Entretemps, elle monte une exposition qui alerte la police. Elle était à Istanbul et passe quelques cinq mois dans la clandestinité avant d’être arrêtée dans un banal contrôle. Elle est alors envoyée à Diyarbakir, dans la prison N° 5, un établissement à la sinistre réputation.
Le matériel artistique est bien sûr, interdit. Elle trouve la parade avec une amie qui lui envoie des lettres, n’écrivant que sur une face, laissant l’autre disponible pour crayonner. Ces dessins pouvant être sortis secrètement de la prison. Elle raconte les événements qui l’ont conduit à entrer en résistance, particulièrement depuis 2015, quand les processus de résolution de la question kurde ont été rompus par Erdogan.

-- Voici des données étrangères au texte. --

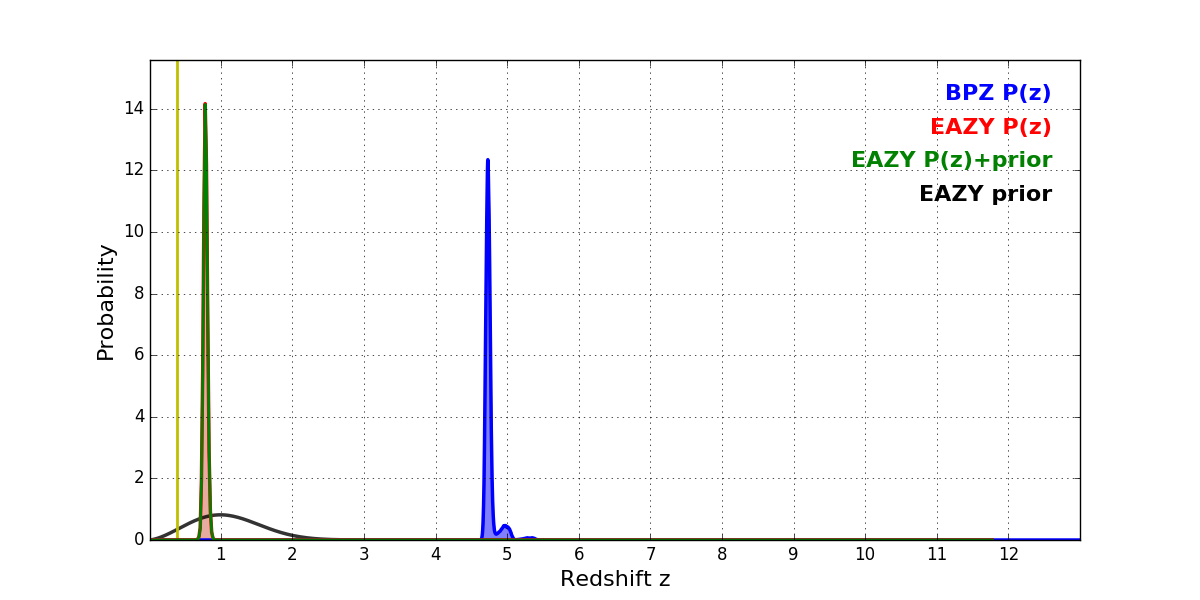 In P(z) plots: Yellow lines mark the cluster redshift z = 0.390,

Débute alors une répression brutale. Ce sont des attentats attribués à daech lors des rassemblements du HPD, le Parti démocratique du Peuple. Ce sont des villes sous couvre-feu pendant plusieurs mois sans possibilité de se ravitailler. L’auteure expose les attaques violentes d’une armée suréquipée faisant usage de blindés, de mitrailleuses, d’avions de chasse, contre les individus tenant des armes disparates. Les villes sont bombardées, détruites, les murs couverts d’insultes. La soldatesque qui investit les maisons, pille, se masturbe avec les lingeries féminines…
Zehra Doğan raconte la solidarité entre femmes, dans les prisons, l’organisation de la vie quotidienne pour essayer de la rendre moins pesante. Elle décrit la résistance de toutes ces femmes enfermées, ces vies brisées par trop d’années d’enfermement. Mais c’est aussi la description des tortures endurées, les prisonniers suspendus pendant des heures, les jets d’eau glacée, les coups de matraque.

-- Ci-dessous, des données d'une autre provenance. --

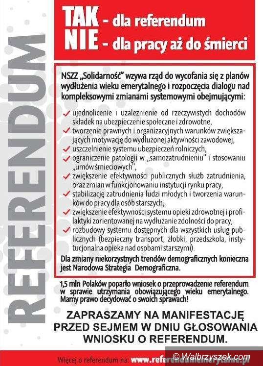 „Solidarność” za referendum w sprawie emerytur

C’est être forcé de marcher, les pieds lacérés, sur du sel avec un codétenu sur le dos. C’est l’ingestion de déjections humaines, glaires, vomissures… Et il faut chanter des marches turques, réciter des poèmes louant la turcité. Deux hommes ont été tués parce que, ne parlant pas le turc, ils chantaient faux.

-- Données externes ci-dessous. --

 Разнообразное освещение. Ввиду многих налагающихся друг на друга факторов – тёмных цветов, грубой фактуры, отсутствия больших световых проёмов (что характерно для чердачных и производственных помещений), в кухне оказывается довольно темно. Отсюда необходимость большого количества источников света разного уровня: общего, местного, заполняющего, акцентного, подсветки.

Prison n° 5 dépeint une réalité monstrueuse qui ne se déroule pas dans un passé lointain. Cela a commencé en 1980 dans la prison N°5 et cela perdure aujourd’hui dans d’autres lieux. L’auteure ne fait donc pas usage de la langue de bois quand elle écrit : “Et le 15 juillet 2016, avec un scénario de tentative de coup d’État, Erdogan ouvre la porte à de nombreux projets funestes et durcit son régime…“
Libérée, Doğan se réfugie en Europe pour ne pas être emprisonnée une troisième fois et continuer à témoigner. Là, grâce au soutien de nombreuses personnes, en particulier de Dominique Grange et Jacques Tardi, l’immense créateur de BD, elle a pu envisager de faire publier ses dessins. Un album que tout adulte responsable, humaniste se doit d’avoir pour dénoncer la torture dans les prisons turques contre le peuple kurde.
Un album poignant, un récit dantesque sur des conditions barbares pires que le neuvième cercle de l’Enfer, un récit qui donne à connaître le passé de ce haut-lieu de persécutions et le magnifique combat mené par ces femmes résolues.
serge perraud
Zehra Doğan, Prison N° 5 (traduction et adaptation de Naz Öké et Daniel Fleury), Delcourt, coll. “Hors collection”, mars 2021, 120 p. – 24,95 €.